Tyler Daschiel Herron (August 5, 1986 – October 22, 2021) was an American right-handed professional baseball pitcher.

As a senior at Wellington High School in Florida, Herron led the nation with a 0.25 ERA. He was drafted by the St. Louis Cardinals in the First Round of the 2005 Major League Baseball Draft. Herron was ranked the Midwest League # 11 prospect in 2007, and the St. Louis Cardinals # 10 prospect, by Baseball America. He pitched for the Honolulu Sharks in the Rookie 2008 Hawaii Winter Baseball League, and led the league with a 0.69 ERA. Pitching for the Indios de Mayagüez in the winter of 2014, he was a post-season Puerto Rico Liga de Béisbol Profesional Roberto Clemente All Star and a Caribbean World Series All Star.
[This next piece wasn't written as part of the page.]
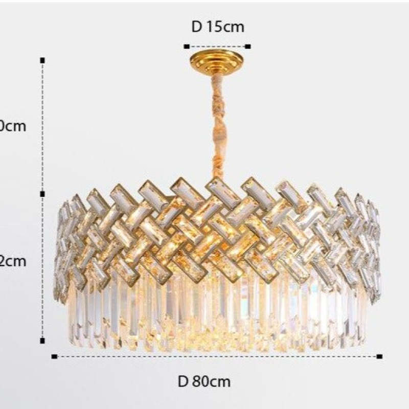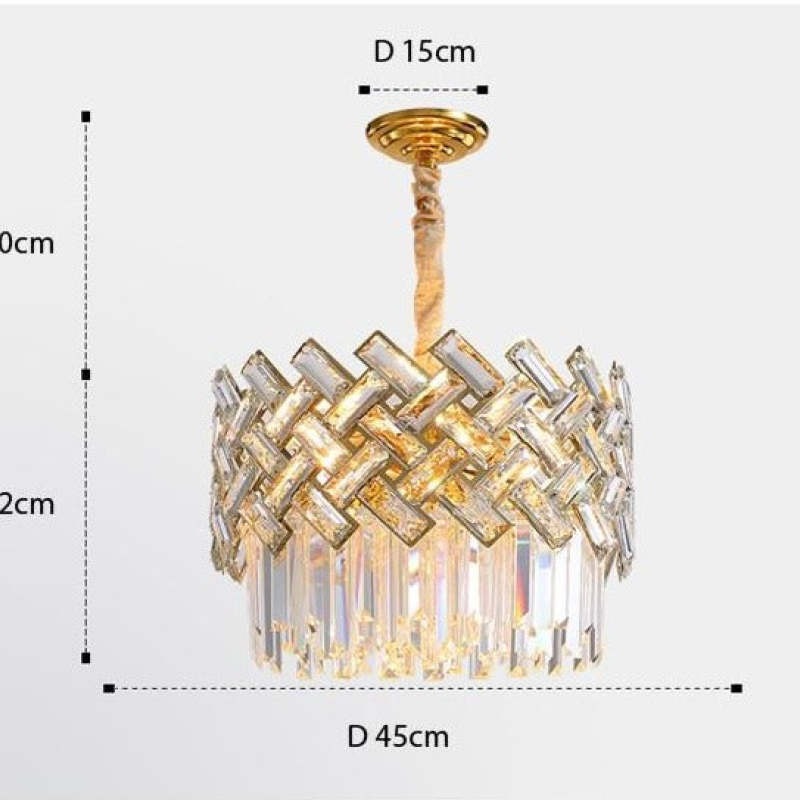 - kristallikruunu on kaikki käsintehtyjä, konekiillotettuja timantti K9-kiteitä, jokainen kristalli on hienosäädetty ja valittu, sileä ja vapaa epäpuhtauksista, valaisimen päärunko on kullattu ja runko on herkkä, laatu on parempi jalo ja tyylikäs.

He pitched as high as AAA in 2014 and 2016, for the Washington Nationals and New York Mets farm teams. In 2016, pitching for the Fargo-Moorhead RedHawks, he led the independent American Association with a 0.80 ERA.
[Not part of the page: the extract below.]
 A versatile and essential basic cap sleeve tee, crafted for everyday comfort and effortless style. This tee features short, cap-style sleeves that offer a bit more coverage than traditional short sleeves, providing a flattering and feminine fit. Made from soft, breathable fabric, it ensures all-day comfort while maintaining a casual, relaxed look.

Herron pitched for Team Israel at the 2017 World Baseball Classic.

In total, at all levels he pitched 16 seasons, and had a record of 103-95. Herron died on October 22, 2021, aged 35.

Early life
Herron was born and grew up in West Palm Beach, Florida. He later lived in Wellington, Florida. He was of Puerto Rican descent, and one of his grandmothers was Jewish—as a result of which he was eligible to play for Team Israel.
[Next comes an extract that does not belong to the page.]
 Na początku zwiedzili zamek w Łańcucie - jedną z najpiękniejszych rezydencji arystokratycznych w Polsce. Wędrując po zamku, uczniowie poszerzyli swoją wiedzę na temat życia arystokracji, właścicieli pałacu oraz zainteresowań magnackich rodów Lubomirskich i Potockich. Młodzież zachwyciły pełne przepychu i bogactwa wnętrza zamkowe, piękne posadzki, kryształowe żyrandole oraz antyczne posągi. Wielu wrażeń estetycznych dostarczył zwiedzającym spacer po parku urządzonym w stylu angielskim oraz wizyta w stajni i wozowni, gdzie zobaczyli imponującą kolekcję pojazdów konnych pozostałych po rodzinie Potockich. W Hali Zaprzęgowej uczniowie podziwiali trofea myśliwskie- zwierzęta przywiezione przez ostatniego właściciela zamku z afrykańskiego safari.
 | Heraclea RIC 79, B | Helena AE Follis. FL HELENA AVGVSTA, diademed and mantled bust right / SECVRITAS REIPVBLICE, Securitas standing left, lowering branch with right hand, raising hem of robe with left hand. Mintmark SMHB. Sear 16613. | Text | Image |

He attended Wellington High School, in Wellington, Florida. Initially, in high school Herron played shortstop and third base. As a senior for the Wellington Wolverines, Herron led the nation with a 0.25 ERA, and struck out 81 batters in 57 innings. He was named to the 2005 ABCA/Rawlings High School All-America Second Team, along with among others future major leaguers Ike Davis and Scott Van Slyke.

Professional career

St. Louis Cardinals
Herron was drafted by the St. Louis Cardinals in the First Round (46th, overall) of the 2005 Major League Baseball Draft. His agent was Jim Munsey, his former T-ball pitcher. He received a $675,000 signing bonus.

He began his professional career in 2005 with the Johnson City Cardinals of the Rookie Appalachian League, going 0–3 in 13 starts with a 5.62 ERA and 49 strikeouts in 49.2 innings as he kept opponents to a .245 batting average. Herron was ranked the Appalachian League # 20 prospect, and the St. Louis Cardinals # 12 prospect, in 2005 by Baseball America.

The following season, pitching for Johnson City, on August 13, 2006, Herron was voted Appalachian League Pitcher of the Week. In 13 starts for Johnson City he was 5–6 with one complete game and a 4.13 ERA, and he lost his one start with the State College Spikes of the Class A-Short New York-Penn League while giving up two runs in six innings.  He was ranked the Appalachian League # 13 prospect, and the St. Louis Cardinals # 18 prospect, in 2006 by Baseball America. Pitching for Johnson City and State College, he averaged 8.88 strikeouts per nine innings pitched, third-best among Cardinals' minor leaguers.

In June 2007, pitching for the Class A Swing of the Quad Cities, he was named Cardinals Minor League Pitcher of the Month. On July 2, 2007, Herron was voted Midwest League Pitcher of the Week.  For the season he was 10–7 with a 3.74 ERA, and in 137.1 innings gave up 26 walks while he had 130 strikeouts (6th in the league) as he kept opponents to a .240 batting average. He averaged 1.69 walks per nine innings as a starter, which was 4th-lowest among Midwest League starters, and his strikeout/walk ratio of 5.00 led the league.  He threw primarily a mid-90s sinking fastball, a solid changeup, and a curveball with a good break. He was ranked the Midwest League # 11 prospect in 2007, and the St. Louis Cardinals # 10 prospect, by Baseball America.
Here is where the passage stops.